Originally posted by: Ice9
Well, RDRAM is in fact over and done with. Rambus isn't focusing on RDRAM anymore as it's been effectively killed by the collusion between memory manufacturers.
Never say never. There's medicine that was made and faced worst media exposure and government intervention, that's back in the spotlight to treat other diseases. Thalidomide being one of them (the morning sickness drug that caused the "flipper kids" [kids born with disfigured arms and legs or none at all] during the 1950's and early 60's).
What RDRAM faced wasn't the firestorm that Thaliomide caused 40 years ago.
Yes, it is the better memory, but that won't bring it back. Rambus decided to leave that be, and move forward with XDR, RASER & Redwood.
I'd never say never. When the industry hits another bottleneck, they could turn back to basic older technology for answers.
And rambus is hardly a giant. They're a tiny company with a lot of bright ideas whose technology (RDRAM) was slaughtered by a media smear campaign.
Wasn't referring to Rambus the company. I was referring to any campaign to knock down a technology/market leader, can cause a vacuum of the mundane to fill it.

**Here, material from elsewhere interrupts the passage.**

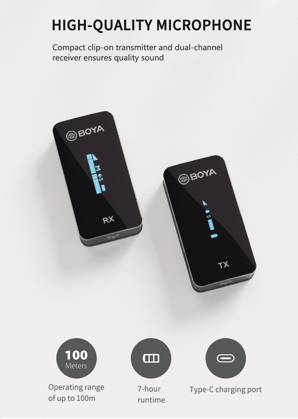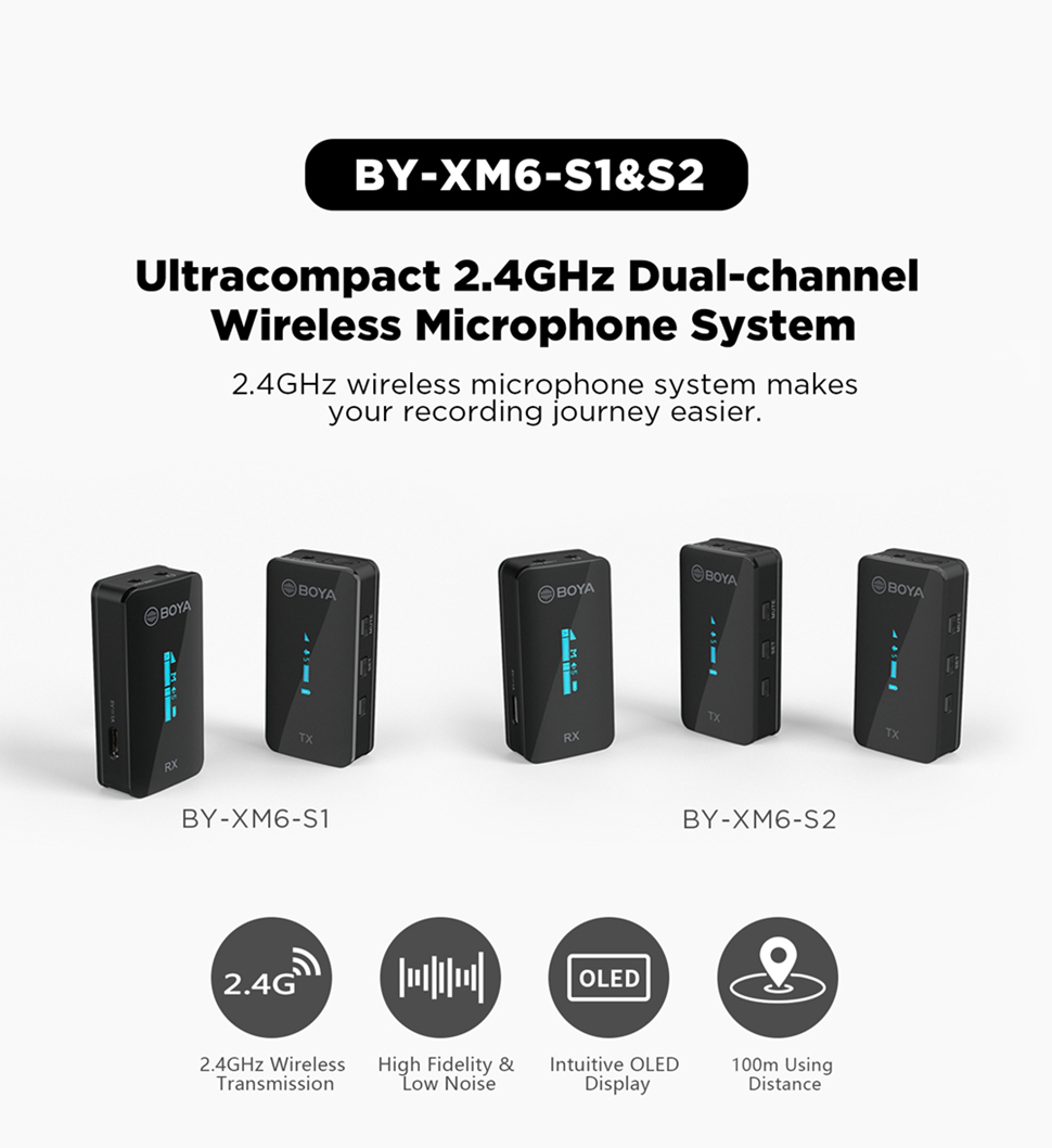BOYA BY-XM6-S2 2.4GHz Wireless Lavalier Microphone System Lavalier Mic (1 RX + 2 TX) for Phone DSLR

Knocking down Intel (or MS) wouldn't cause the bonanza open source advocates claim, it can cause anarchy in the industry, with poorer results and
quality -- as it takes money to research/test/market successful products.
Another reason why communism couldn't work in reality -- which open source is a form of. By knocking down RDRAM, DDR took over but what we got is a memory technology that'll go the way of the dodo.
Customers *love* the fact they got memory cheaper, only now to realize they bought into another price fixing scam. But instead of acknowledging they were taken to the cleaners, they'll still adamantly claim RDRAM is bad and Rambus got it's "just deserts" (out of ignorance and/or to save face).
If Rambus could've designed the memory to their specs, all of the crap it got about it's latency, it's heat would've been gone. Compromising design for mass profit was Rambus's mistake, and the fall isn't pretty. Yet it won't be as pretty as the fall DDR proponents will face when they look at the
uniform prices of memory (despite the fact not every memory produced is equal, some cut corners but still can charge "big boy" prices, as memory is traded as a commodity).
Sometimes what's cheaper doesn't = better.